Я молча смотрела на него.

— Только в компании с мужем, — после минутного молчания ответил он, — если вы это имеете в виду.

— Она вам нравится?

— У нее есть деловая хватка, — кивнул Всеволод.

— А как женщина? Она ведь довольно хорошо сохранилась для своего возраста.

— Вы, наверное, считаете меня беспринципным человеком, если задаете такие вопросы, — медленно проговорил Хмельницкий. — Но я вам отвечу совершенно без обиды. Во-первых, мне нравятся более молодые женщины. Но даже у молодой женщины, кроме тела, должна быть еще и голова. Как у вас, например, — он плотоядно улыбнулся. — А во-вторых, у мужчины, если он не просто самец, должны быть внутренние ограничения, своего рода табу, если хотите. Так вот, жена друга и является таким табу.

— А если бы Кристина не была женой вашего друга?

— Гипотетические вопросы вроде вашего имеют право на существование только в авантюрных или детективных романах, — как-то скованно произнес Хмельницкий, — а в жизни есть только то, что существует в реальности. А реальность такова, что Кристина — жена моего друга, и я ее даже не рассматриваю, как потенциальную любовницу.

— Но согласитесь, — не унималась я, — как женщина она очень хороша.

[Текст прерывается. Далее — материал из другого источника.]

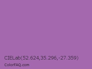 CIELab 52.624,35.296,-27.359 Color is a normal purple color and the nearest color is Wisteria #9771b5. Hex code #a368ad and RGB value is rgb(163,104,173). In RGB color space, this color is composed of 64% red, 41% green, 68% blue, In CMYK color space, this color is composed of 6% cyan, 40% magenta, 0% yellow , 32% black , In HSL color space, this color has a hue angle of 291° , 30% saturation and 54% lightness.
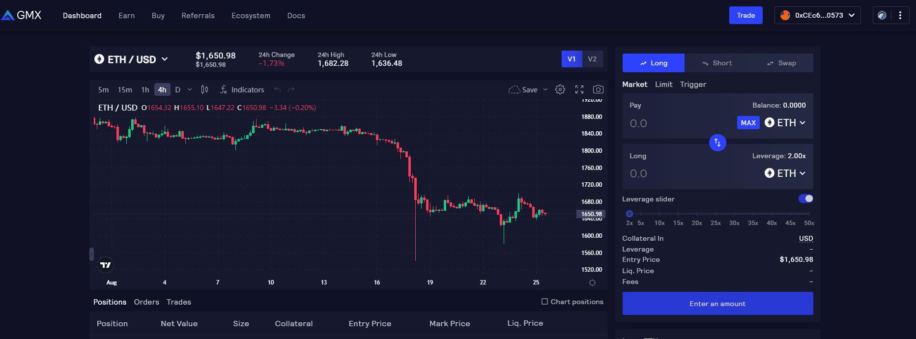En el proceso, los comerciantes pagan tarifas comerciales, tarifas de apertura/cierre y tarifas de préstamo a cambio de la ventaja de ir en largo o en corto frente al dólar estadounidense en tokens designados (btc, eth, avax, unl y link).
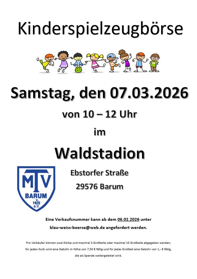 BarumAm Samstag, 7. März veranstaltet das Börsenteam des MTV Barum eine Kinderspielzeugbörse im Vereinsheim. Hier wartet gut erhaltenes Spielzeug in der Zeit von 10-12 Uhr auf neue Besitzer.
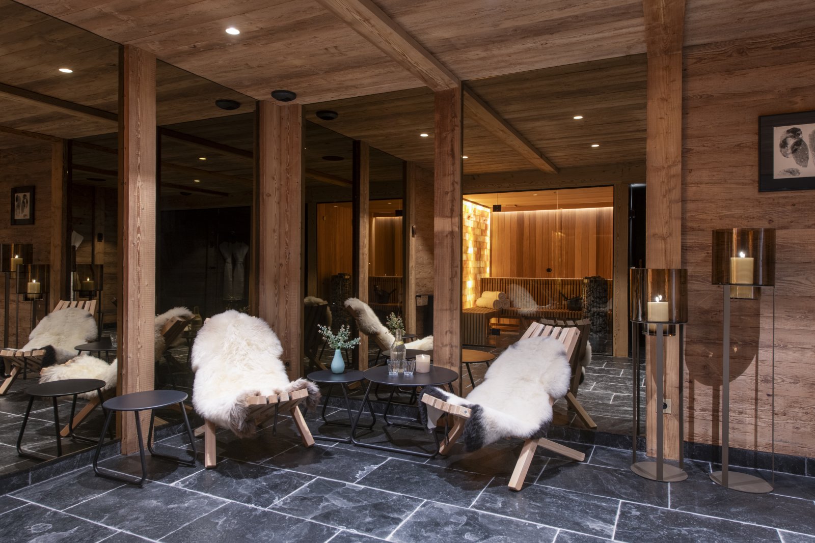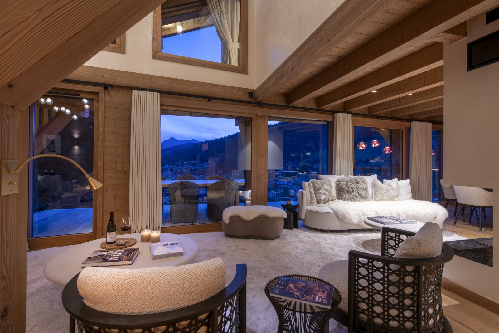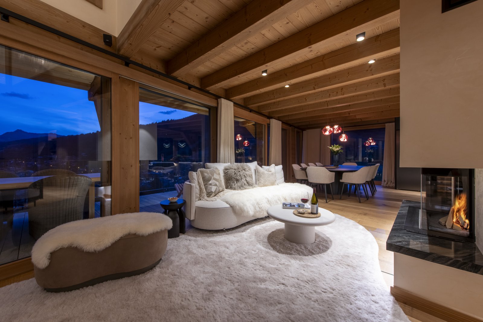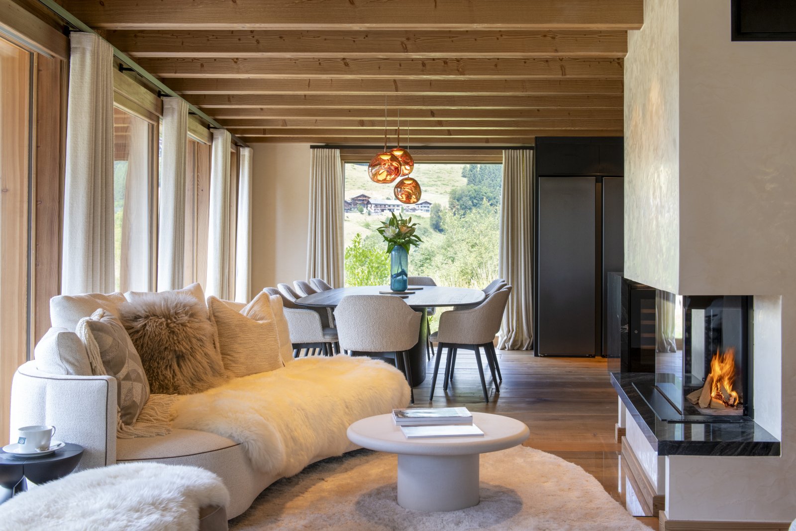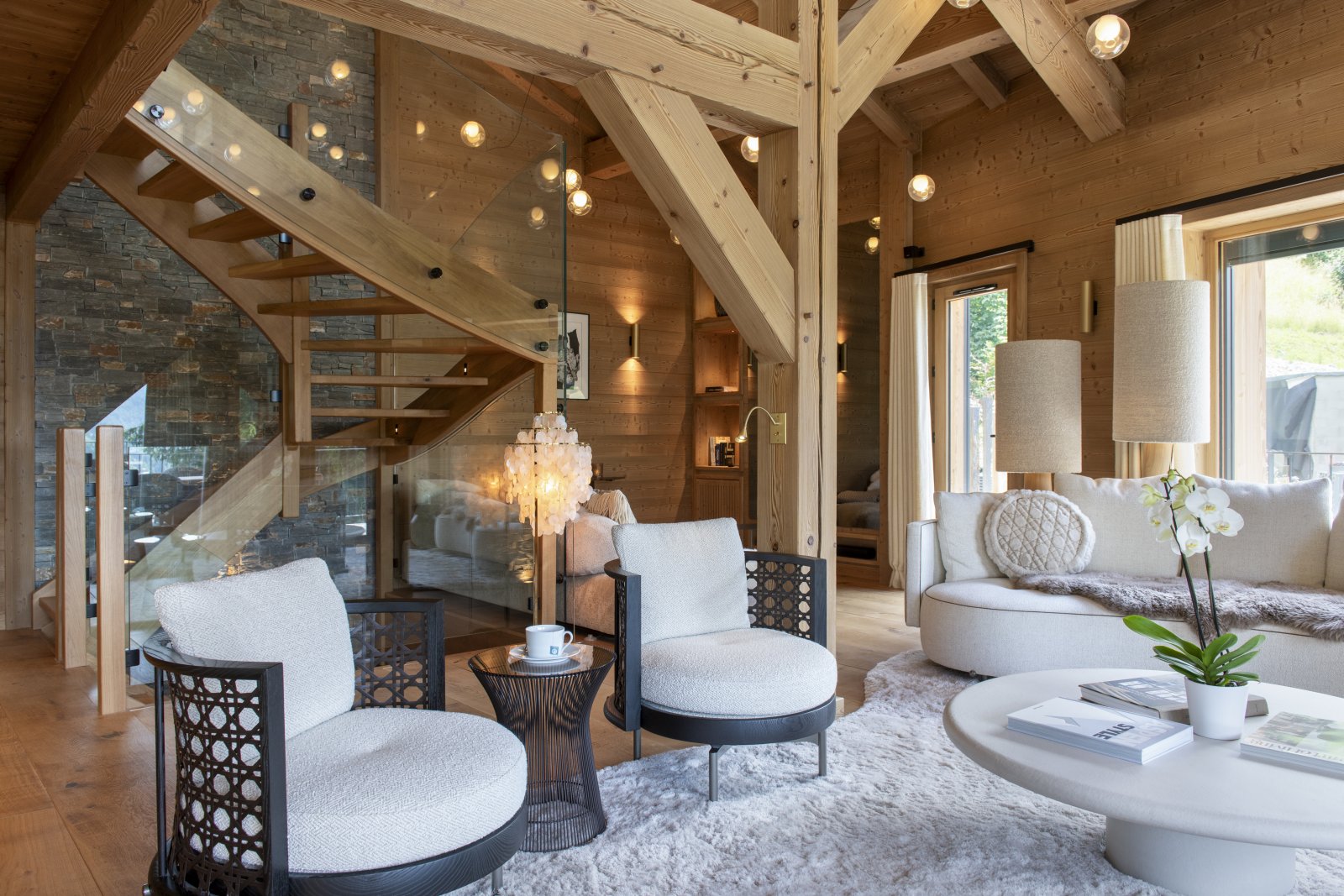Some chalets have an immediate identity, an aura you can feel as soon as you step through the door, and that certainly applies to Chalet Avalon. The owners have obsessed over every detail, working with Devos Interieurs, a high end interior design studio based in Schilde in Belgium, to create a seamless and elegant home. For us, it’s a playful mix of both feminine and masculine touches and this balance makes it a really fun chalet to spend time in. The main living room has a softer feminine touch, with light coloured sofas, curving lines and layers of natural fabric finishes. It’s peaceful and refined, a very classy space. The main living level is open plan but well zoned around the central fireplace to create four distinct areas, the kitchen, dining room, primary lounge and a TV snug. All of this is tied together with a Bocci light installation featuring over 40 individual globes – a real statement piece.

Женщина-вамп и не дура, как я поняла из ваших слов.

— А вы опасная женщина, — воскликнул Хмельницкий, откинувшись на спинку кресла и рассмеявшись, — в вас есть что-то инфернальное. Так рассказать о женщине, что я даже заинтересовался ею. Но еще больше меня заинтриговали вы сами, — произнес он уже более спокойно. — Мы могли бы встретиться как-нибудь и неплохо пообщаться. Что вы на это скажете?

— Скажу, что у меня тоже есть свои табу, — я встала и направилась к выходу. — Не могли бы вы мне сказать, — вспомнила я, — где живут и работают Летневы?

— Конечно, — Хмельницкий, который собирался встать, чтобы проводить меня, опустился за стол и, вынув из стопки бумаги цветной листочек для записей, стал торопливо писать. — Вот, пожалуйста, — он протянул мне листок. — Давайте хотя бы пообедаем.

— Давайте, — кивнула я, — только порознь.

— Вы мне нравитесь все больше и больше, — скривил губы в сладострастной ухмылке Хмельницкий. — Не люблю женщин, которые сдаются сразу.

— Как, например, Маринка? — поддела я его и шагнула к двери.

— Марина замечательная девушка, — серьезно сказал Всеволод, — только с ней не о чем разговаривать.

— Почему же, — возразила я, — она очень неплохо разбирается в моде. А вы снимаете когда-нибудь очки?

— Когда ложусь спать.

— Тогда я, наверное, никогда не увижу ваших глаз.

— Еще когда протираю стекла, — поспешил добавить он, потому что я уже взялась за ручку двери.

— Спасибо, Всеволод Александрович.

— Ну что вы, — осклабился он, — беседа с вами оказалась одной из моих радостей. Сожалею, что вчера мы не смогли толком пообщаться. И называйте меня Всеволодом или просто Севой, я не обижусь.

— Хорошо, Сева, — усмехнулась я, — пока.